Entries taken from a collection:
BEGIN

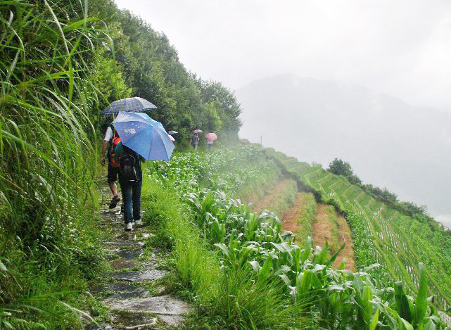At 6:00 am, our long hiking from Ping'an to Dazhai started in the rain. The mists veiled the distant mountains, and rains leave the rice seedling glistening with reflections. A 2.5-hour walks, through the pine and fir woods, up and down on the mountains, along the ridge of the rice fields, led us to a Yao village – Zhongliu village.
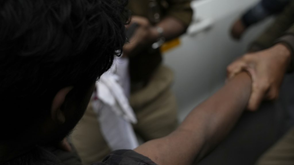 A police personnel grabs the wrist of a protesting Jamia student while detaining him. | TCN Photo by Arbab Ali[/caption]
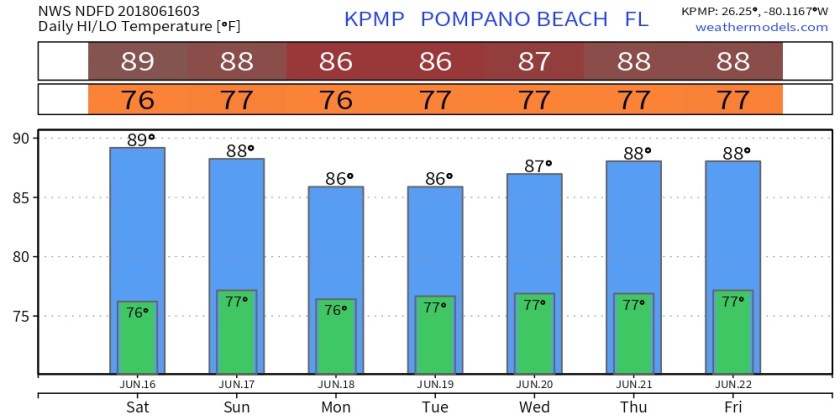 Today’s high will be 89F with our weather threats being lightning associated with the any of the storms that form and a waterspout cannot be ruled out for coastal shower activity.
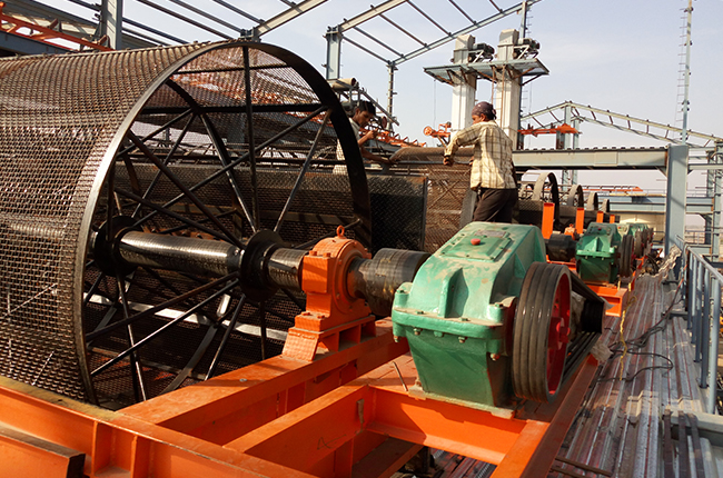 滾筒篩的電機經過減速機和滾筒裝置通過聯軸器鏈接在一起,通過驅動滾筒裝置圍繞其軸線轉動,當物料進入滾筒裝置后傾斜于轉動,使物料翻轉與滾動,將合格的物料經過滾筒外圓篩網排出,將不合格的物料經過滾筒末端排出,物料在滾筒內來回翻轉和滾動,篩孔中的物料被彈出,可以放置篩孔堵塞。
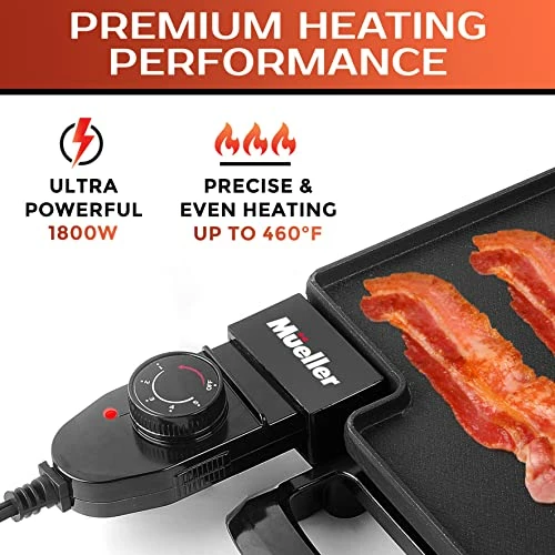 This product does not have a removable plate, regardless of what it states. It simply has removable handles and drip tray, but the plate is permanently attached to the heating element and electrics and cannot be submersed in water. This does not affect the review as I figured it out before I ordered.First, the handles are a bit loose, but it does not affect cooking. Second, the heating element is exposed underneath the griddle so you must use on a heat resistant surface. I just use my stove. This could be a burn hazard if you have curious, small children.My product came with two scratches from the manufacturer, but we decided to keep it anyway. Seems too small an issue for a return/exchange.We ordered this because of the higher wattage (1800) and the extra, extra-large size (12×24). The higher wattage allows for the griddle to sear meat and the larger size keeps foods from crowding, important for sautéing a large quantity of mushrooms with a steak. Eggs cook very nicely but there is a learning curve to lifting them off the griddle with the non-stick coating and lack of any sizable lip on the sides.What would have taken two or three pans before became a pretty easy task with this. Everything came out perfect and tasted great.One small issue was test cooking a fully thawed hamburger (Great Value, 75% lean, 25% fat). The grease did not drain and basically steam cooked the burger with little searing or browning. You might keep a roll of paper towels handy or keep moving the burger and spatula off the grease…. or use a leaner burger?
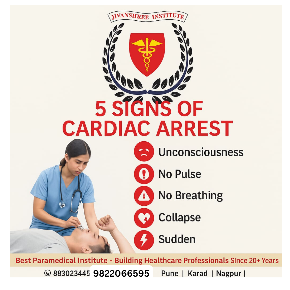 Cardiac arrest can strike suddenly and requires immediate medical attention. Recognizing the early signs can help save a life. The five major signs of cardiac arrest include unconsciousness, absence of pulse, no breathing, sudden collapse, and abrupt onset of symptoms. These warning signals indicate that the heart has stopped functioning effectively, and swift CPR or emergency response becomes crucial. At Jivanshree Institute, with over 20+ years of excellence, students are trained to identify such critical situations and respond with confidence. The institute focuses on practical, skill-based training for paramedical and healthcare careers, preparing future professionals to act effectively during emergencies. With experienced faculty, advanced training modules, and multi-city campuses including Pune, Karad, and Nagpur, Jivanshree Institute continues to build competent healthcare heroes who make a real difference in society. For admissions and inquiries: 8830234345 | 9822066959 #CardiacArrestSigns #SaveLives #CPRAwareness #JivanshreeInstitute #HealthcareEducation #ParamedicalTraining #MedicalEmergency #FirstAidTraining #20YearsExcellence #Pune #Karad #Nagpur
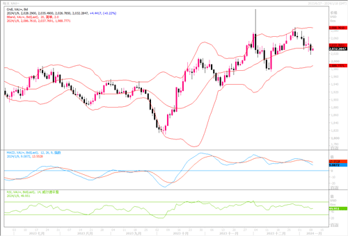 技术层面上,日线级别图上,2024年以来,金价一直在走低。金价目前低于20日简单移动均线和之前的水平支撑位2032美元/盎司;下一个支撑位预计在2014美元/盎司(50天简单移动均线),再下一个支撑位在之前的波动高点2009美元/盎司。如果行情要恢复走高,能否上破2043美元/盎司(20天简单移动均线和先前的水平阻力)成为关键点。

END

Please repeat, exactly as written, the lines in the records above, starting with the one that has "Today’s high will" and going on through the one that has "滾筒篩的電機經過減速機和滾筒". Pictures are to be left out.

§ **Written response**
 Today’s high will be 89F with our weather threats being lightning associated with the any of the storms that form and a waterspout cannot be ruled out for coastal shower activity.
 滾筒篩的電機經過減速機和滾筒裝置通過聯軸器鏈接在一起,通過驅動滾筒裝置圍繞其軸線轉動,當物料進入滾筒裝置后傾斜于轉動,使物料翻轉與滾動,將合格的物料經過滾筒外圓篩網排出,將不合格的物料經過滾筒末端排出,物料在滾筒內來回翻轉和滾動,篩孔中的物料被彈出,可以放置篩孔堵塞。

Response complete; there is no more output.